Certainly, credit goes to coach Pete Carroll, who has done a masterful job of returning the Seahawks to their roots as a defense-oriented, run-first club. That blueprint was epitomized in the win over the Vikings, in which Seattle, for all its difficulty getting into the end zone, won the physical battle on both sides of the ball.
“It’s not the kind of football everyone loves, but it’s the kind of football that we love,” Carroll said.
Considerable credit, however, should also go to the Seahawks’ veteran leadership – many of whom are Super Bowl holdovers who haven’t allowed the Super Bowl XLIX hangover to consume them. You know the names: Bobby Wagner, K.J. Wright, Russell Wilson, Doug Baldwin and Justin Britt, most prominently. They have been instrumental in nurturing the next generation of players that has been instrumental in Seattle’s surge – and of transforming the mood in the locker room.
Wagner said he’s not surprised by the Seahawks’ success, which certainly is confounding to most observers. Especially after Seattle started the year 0-2, which seemed to confirm the prediction of an unraveling by the Seahawks after Sherman, Michael Bennett, Cliff Avril and Kam Chancellor departed, followed by Earl Thomas’s season-ending injury in Week 4.
“It doesn’t surprise me,” Wagner said. “I kind of was trying to tell you guys toward the beginning of the season, we had a lot of confidence. We felt we were going to be in this position. We started off 0-2, had a lot of ups and downs, but that’s a part of the season. That’s a part of the growth, especially when you have young guys.
“They need to learn, they need to go through the good and bad, because if you have all good, they won’t know what to do during the bad. We got the bad early, which I think helped us, helped them grow a little faster. A lot of people were sleeping on our leadership. Myself, K.J., Russ, a lot of those guys, we’ve been in this position before, and we’re a lot more vocal than people give us credit for.”

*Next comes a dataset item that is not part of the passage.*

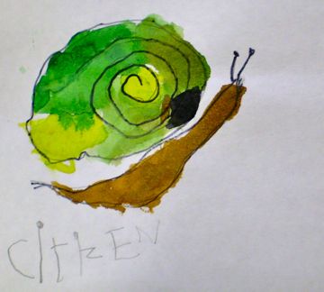 AF: I use drawing or scientific illustration in various ways with my students. For example, if they are studying biology using snails, or mealworms, or plants, or pillbugs, I have them do large detailed studies. I teach this technique starting in Kindergarten right through fifth grade- explicit life drawing techniques that I call “Looking and Drawing.” I model first using pencil and an art eraser. I implore them to look a LOT and draw a LITTLE; look a LOT and draw a little more; to erase as needed; and redraw. I emphasize the looking: “Is this plant the exact green that’s in the paint set?” “Is the entire plant the same green?” Then I show them some basic mixing and blending techniques. Students often draw and then label the parts. They get to draw microscopes, flowers, fruit, etc.

Wagner, who followed his magnificent game last week against the 49ers with another impactful effort, seems to be on a mission. He said he watches LeBron James and takes a lesson in King James’s relentless pursuit of excellence.

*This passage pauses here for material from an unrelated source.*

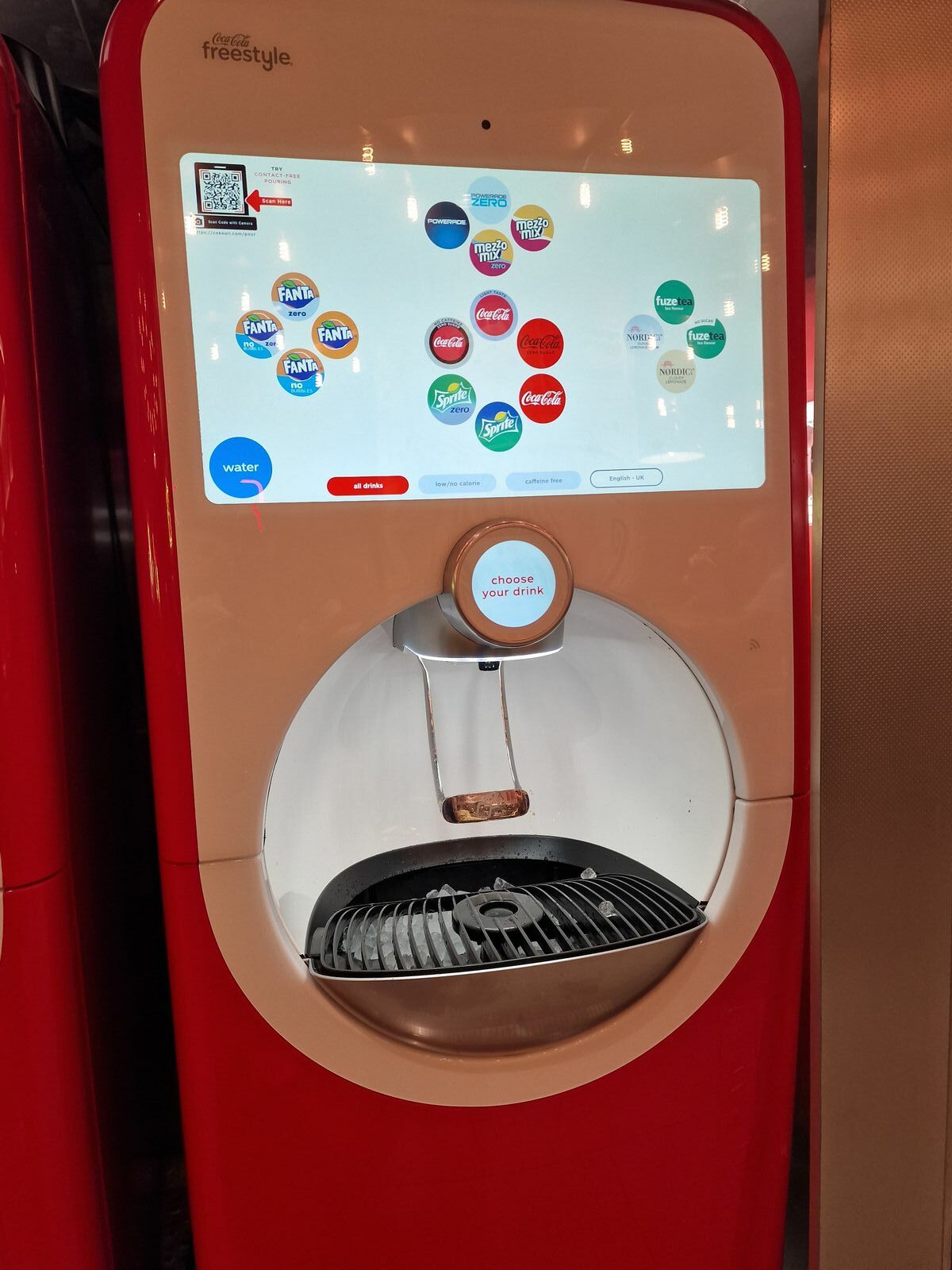 Im Buffett mit burger ( weiß gerade den Namen nicht) gibt es eine Cola Freestyle Maschine. Wenn dort bist könntest mal schauen ob die beim Getränke Paket dabei ist und wie es fintioniert? Mag Cola Zero kirsch dort und raspberry und Erdbeere gibt es glaub auch noch wenn sie das volle Programm haben.

“You see him in his 16th year and getting better as he gets older. I try to be like that, try to be the football version of that,” Wagner said.
When young players feel the pressure to uphold the legacy of the Legion of Boom and other Seahawks past notables, Wagner is in the forefront providing the sage wisdom that it’s a needless pursuit.

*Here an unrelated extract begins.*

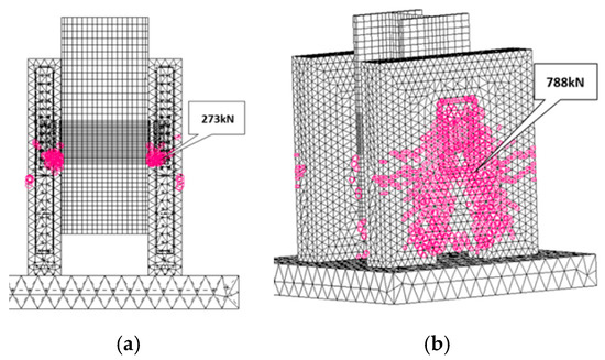 Theoretically different cracking of RPC specimens in intermediate stage (a) and at remarkably higher ultimate load (b).

“You try to let them know you don’t have to be the dudes that used to be here,” Wagner said. “You don’t have to be like Sherm, don’t have to be like Kam. Those are amazing players, once-in-a-lifetime players. You don’t have to do that. Just go out and do your job. You don’t have to be anyone else. Guys are going out there and having fun and being themselves.”
Fun is the operative word. There is a looseness on the Seahawks that hasn’t been this pervasive since the rising days of the Super Bowl team’s – a spirit that peaked with the rout of Denver in Super Bowl XLVIII and seemed extinguished by Malcolm Butler interception at the goal line the next year. But maybe the statute of limitations on cutting loose has finally expired.
“We had a lot of doubters coming into this season, and we wanted to go out and prove everybody wrong, prove we had the talent, had the leadership, we had the players to make plays,” Wagner said. “That’s what we’re doing. We’re growing each game, getting better each game, and that’s really all you want to do. You want to be the hot team toward the end of the season, and I feel that’s what we’re doing.
“We want to be the team that finishes well. You don’t want to be the team that starts hot and cools off at the end. You want to be a team that’s consistent throughout the season and just turns it up at the end of the season.”
Just how far these Seahawks are equipped to go this year remains to be seen. But it seems to be a major step forward, for this year and beyond, that the lingering cloud from Super Bowl XLIX is finally lifting.